The line with "i続いて、梅野選手のバッテイ" marks the first line to copy, and the line with "Olive green tunic" marks the last. Transcribe that stretch of the data below exactly, without pictures.

▶ [Source records]:
_ _ _

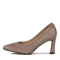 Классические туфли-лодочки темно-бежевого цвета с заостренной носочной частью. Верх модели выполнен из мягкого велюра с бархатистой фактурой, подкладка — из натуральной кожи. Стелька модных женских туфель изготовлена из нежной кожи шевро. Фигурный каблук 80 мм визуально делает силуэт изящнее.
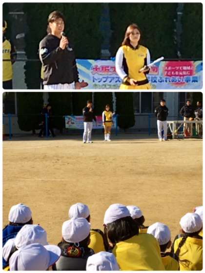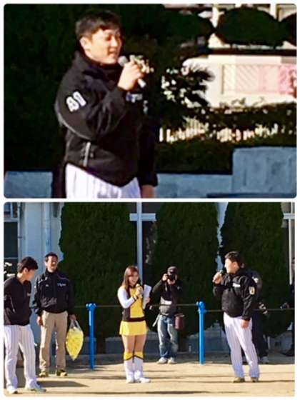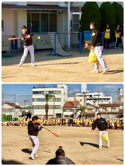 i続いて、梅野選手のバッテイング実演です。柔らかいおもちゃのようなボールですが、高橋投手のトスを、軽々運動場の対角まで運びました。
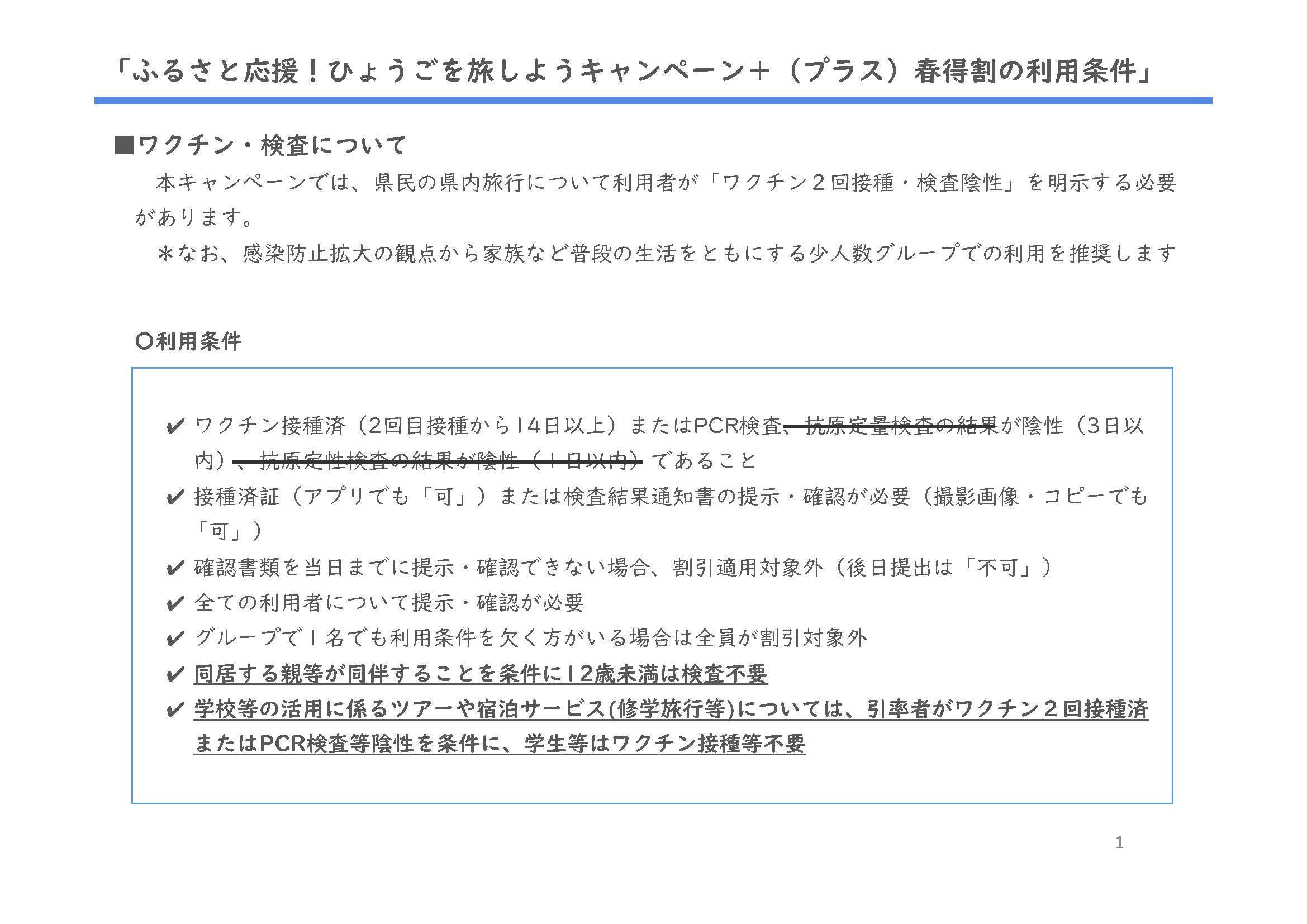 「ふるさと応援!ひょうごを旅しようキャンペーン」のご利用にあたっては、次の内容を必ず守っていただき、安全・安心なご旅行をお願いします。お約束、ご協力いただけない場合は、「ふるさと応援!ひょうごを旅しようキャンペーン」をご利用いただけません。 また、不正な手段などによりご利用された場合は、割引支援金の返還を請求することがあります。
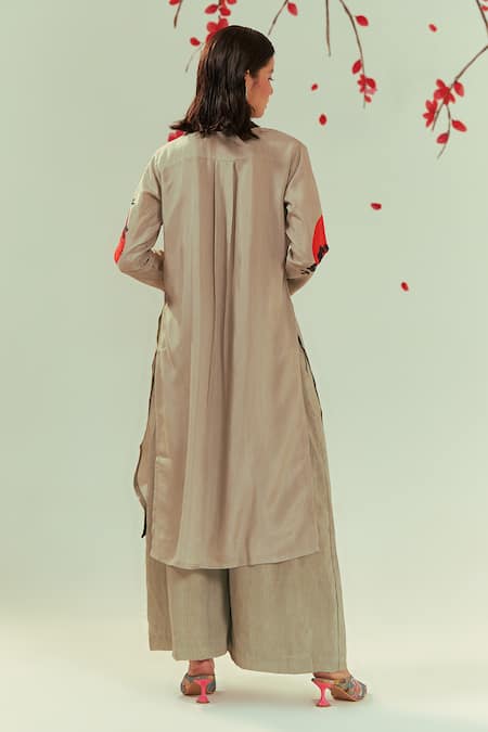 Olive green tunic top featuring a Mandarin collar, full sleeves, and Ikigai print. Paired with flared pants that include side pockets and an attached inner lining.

_ _ _

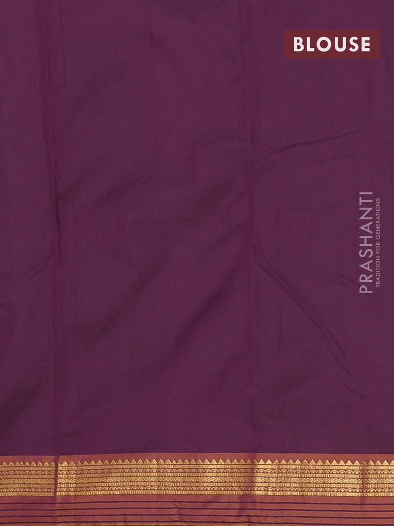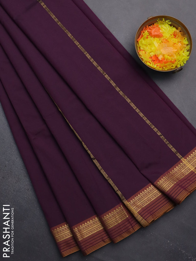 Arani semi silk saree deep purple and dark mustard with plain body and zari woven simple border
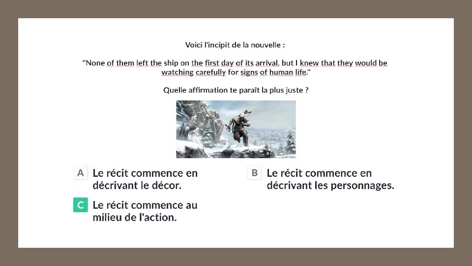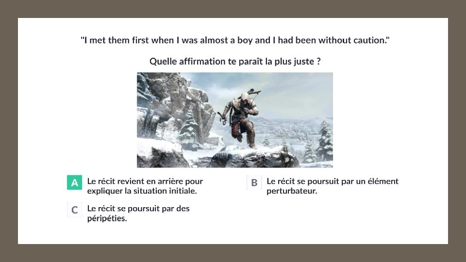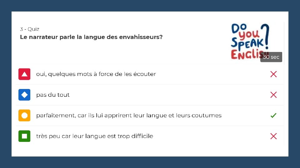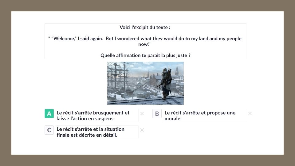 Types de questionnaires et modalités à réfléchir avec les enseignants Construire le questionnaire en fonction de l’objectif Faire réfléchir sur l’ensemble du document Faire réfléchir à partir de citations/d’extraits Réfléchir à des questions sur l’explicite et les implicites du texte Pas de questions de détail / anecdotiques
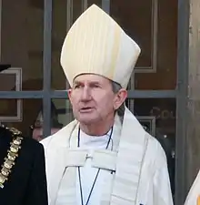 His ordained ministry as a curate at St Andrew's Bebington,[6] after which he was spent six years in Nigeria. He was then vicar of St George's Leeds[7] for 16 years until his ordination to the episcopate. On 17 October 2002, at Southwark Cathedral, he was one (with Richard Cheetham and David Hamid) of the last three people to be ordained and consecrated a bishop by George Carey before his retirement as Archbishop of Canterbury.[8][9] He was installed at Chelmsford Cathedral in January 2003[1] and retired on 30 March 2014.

_ _ _

▶ [Expected answer]:
 i続いて、梅野選手のバッテイング実演です。柔らかいおもちゃのようなボールですが、高橋投手のトスを、軽々運動場の対角まで運びました。
 「ふるさと応援!ひょうごを旅しようキャンペーン」のご利用にあたっては、次の内容を必ず守っていただき、安全・安心なご旅行をお願いします。お約束、ご協力いただけない場合は、「ふるさと応援!ひょうごを旅しようキャンペーン」をご利用いただけません。 また、不正な手段などによりご利用された場合は、割引支援金の返還を請求することがあります。
 Olive green tunic top featuring a Mandarin collar, full sleeves, and Ikigai print. Paired with flared pants that include side pockets and an attached inner lining.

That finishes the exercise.